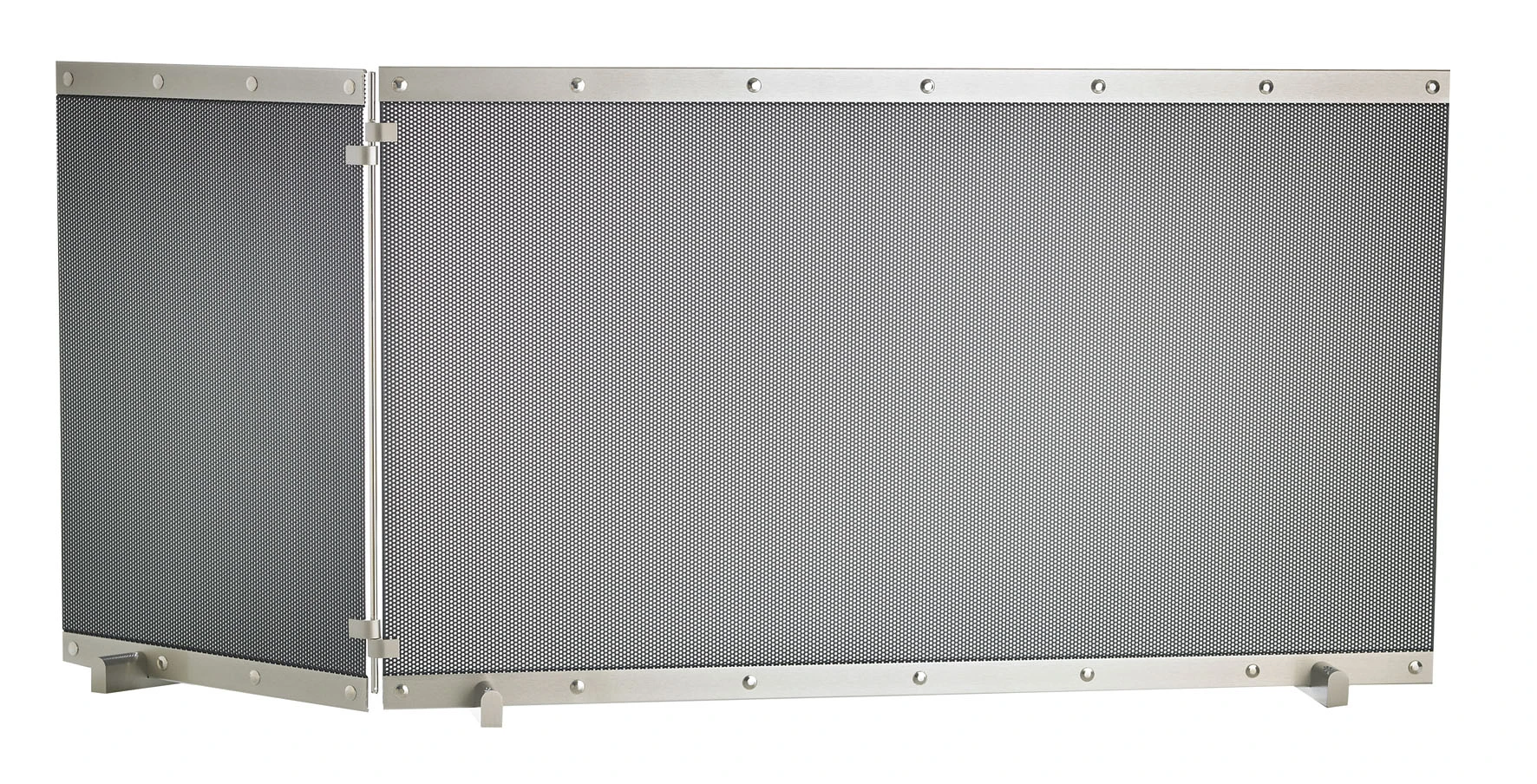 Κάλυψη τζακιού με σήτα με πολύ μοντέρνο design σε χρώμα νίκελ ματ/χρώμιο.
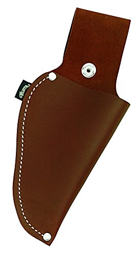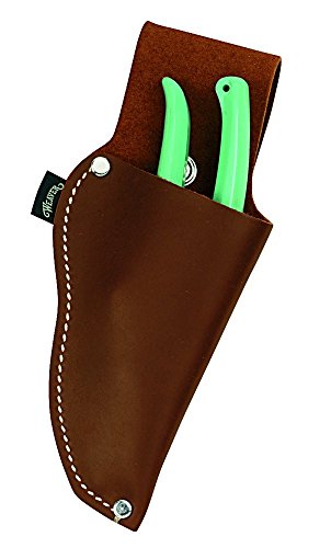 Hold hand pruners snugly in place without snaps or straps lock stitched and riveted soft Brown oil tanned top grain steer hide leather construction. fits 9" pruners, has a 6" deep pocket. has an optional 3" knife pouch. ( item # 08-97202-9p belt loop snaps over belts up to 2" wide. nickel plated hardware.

--*--

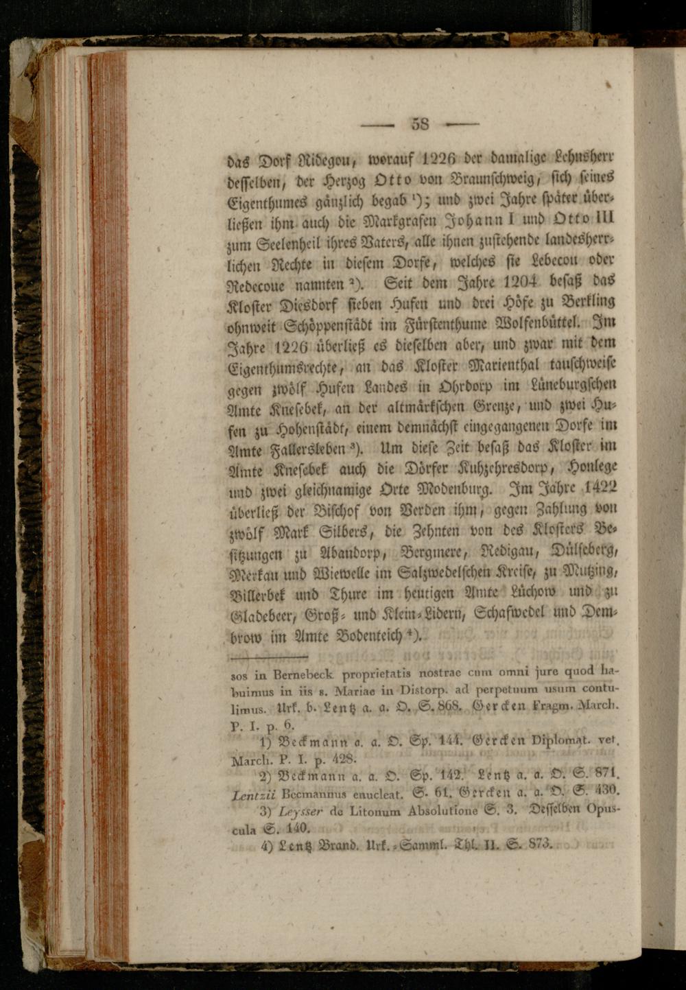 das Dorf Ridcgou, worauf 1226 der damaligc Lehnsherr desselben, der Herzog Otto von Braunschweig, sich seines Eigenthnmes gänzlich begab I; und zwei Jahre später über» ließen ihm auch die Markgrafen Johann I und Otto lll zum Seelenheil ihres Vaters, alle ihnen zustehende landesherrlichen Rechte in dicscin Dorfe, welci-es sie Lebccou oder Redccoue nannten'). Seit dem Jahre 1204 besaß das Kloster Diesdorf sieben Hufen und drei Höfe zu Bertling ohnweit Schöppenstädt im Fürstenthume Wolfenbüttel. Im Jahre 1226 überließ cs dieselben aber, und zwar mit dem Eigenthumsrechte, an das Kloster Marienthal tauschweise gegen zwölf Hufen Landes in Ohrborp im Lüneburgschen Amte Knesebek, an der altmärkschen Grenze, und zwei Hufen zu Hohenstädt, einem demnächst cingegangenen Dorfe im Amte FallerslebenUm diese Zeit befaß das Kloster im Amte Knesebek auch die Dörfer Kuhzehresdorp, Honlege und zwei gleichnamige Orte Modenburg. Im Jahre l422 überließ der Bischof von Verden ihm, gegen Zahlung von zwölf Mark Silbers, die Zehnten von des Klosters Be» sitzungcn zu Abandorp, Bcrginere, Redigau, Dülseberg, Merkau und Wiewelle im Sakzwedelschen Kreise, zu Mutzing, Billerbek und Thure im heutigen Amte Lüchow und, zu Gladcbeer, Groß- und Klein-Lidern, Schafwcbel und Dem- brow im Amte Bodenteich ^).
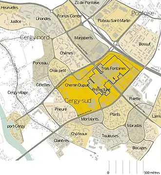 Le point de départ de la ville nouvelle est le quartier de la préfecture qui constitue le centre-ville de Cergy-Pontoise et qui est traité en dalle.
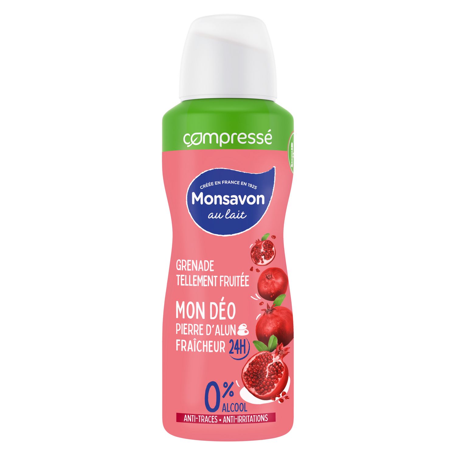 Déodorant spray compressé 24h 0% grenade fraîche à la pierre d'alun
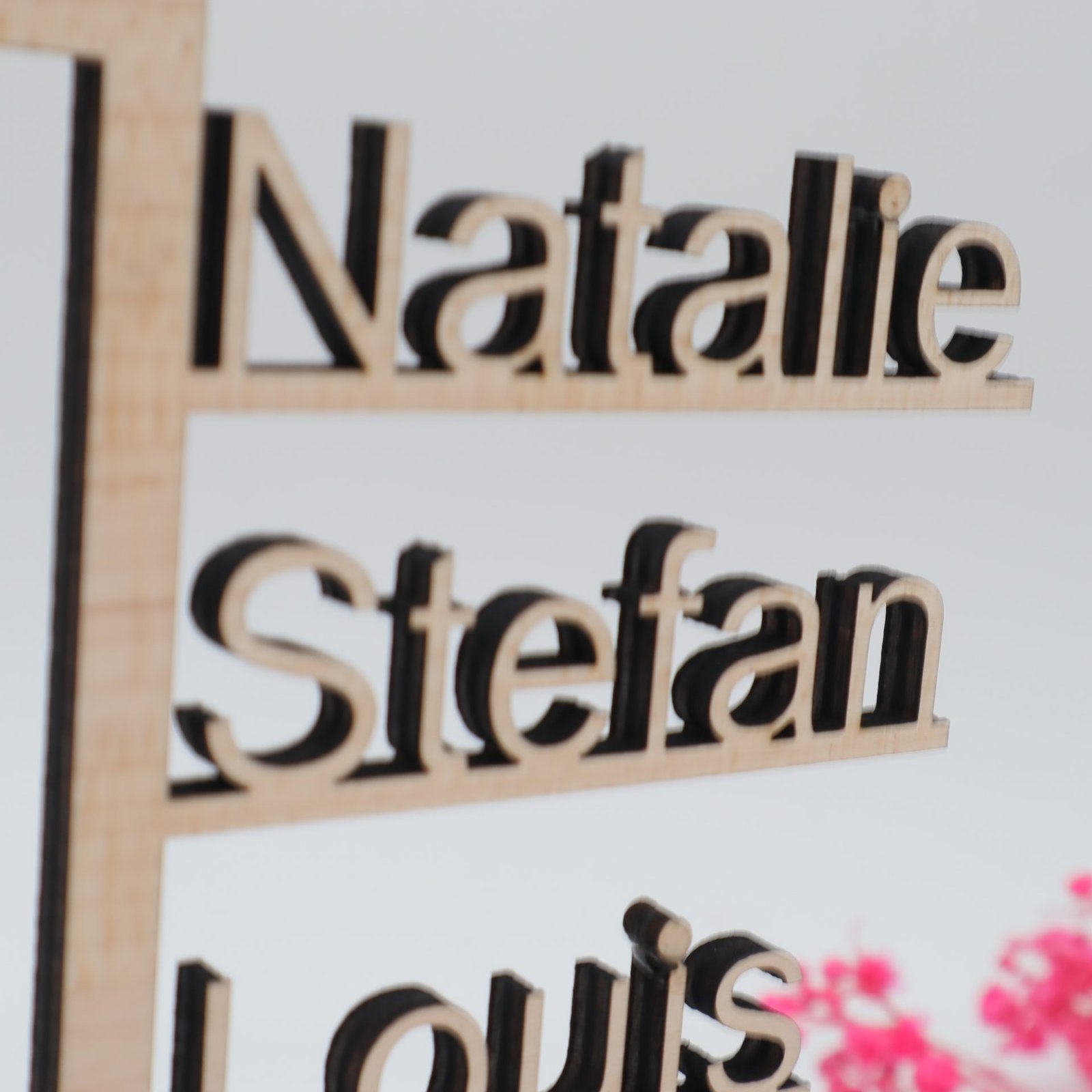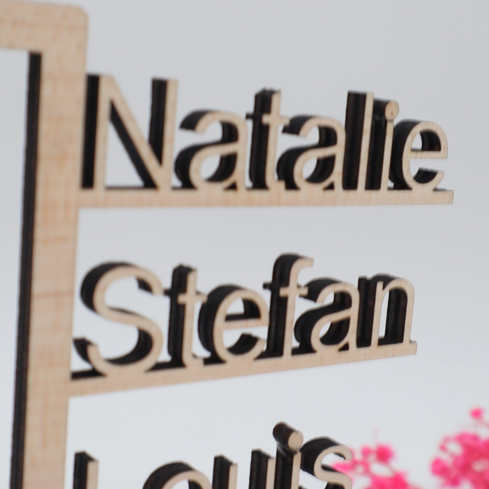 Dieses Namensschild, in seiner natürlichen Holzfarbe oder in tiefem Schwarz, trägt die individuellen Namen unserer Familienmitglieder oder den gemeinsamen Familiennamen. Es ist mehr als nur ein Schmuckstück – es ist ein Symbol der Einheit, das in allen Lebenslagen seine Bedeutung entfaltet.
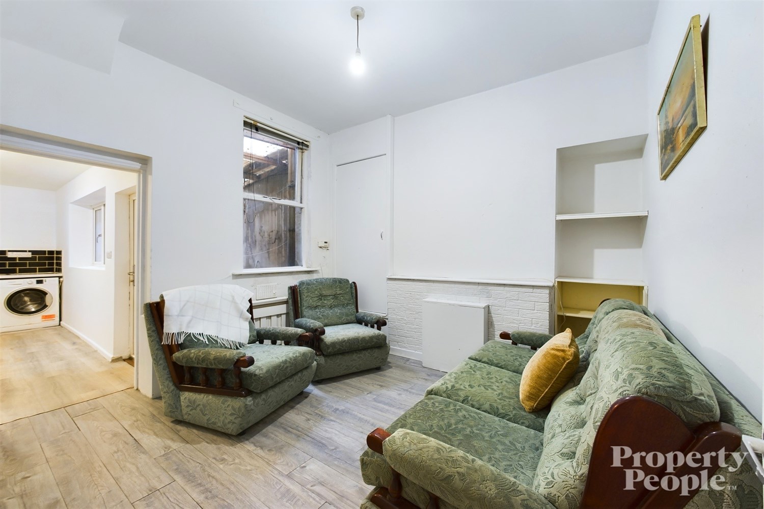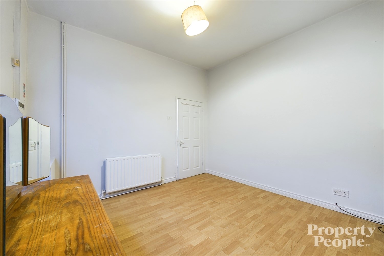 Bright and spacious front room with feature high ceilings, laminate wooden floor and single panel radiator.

--*--

[Try it] Looking at the listing above, which lines run from the one containing "Le point de" through the one containing "Bright and spacious"? Print exactly those, ends included, pictures excluded.

[Written answer]
 Le point de départ de la ville nouvelle est le quartier de la préfecture qui constitue le centre-ville de Cergy-Pontoise et qui est traité en dalle.
 Déodorant spray compressé 24h 0% grenade fraîche à la pierre d'alun
 Dieses Namensschild, in seiner natürlichen Holzfarbe oder in tiefem Schwarz, trägt die individuellen Namen unserer Familienmitglieder oder den gemeinsamen Familiennamen. Es ist mehr als nur ein Schmuckstück – es ist ein Symbol der Einheit, das in allen Lebenslagen seine Bedeutung entfaltet.
 Bright and spacious front room with feature high ceilings, laminate wooden floor and single panel radiator.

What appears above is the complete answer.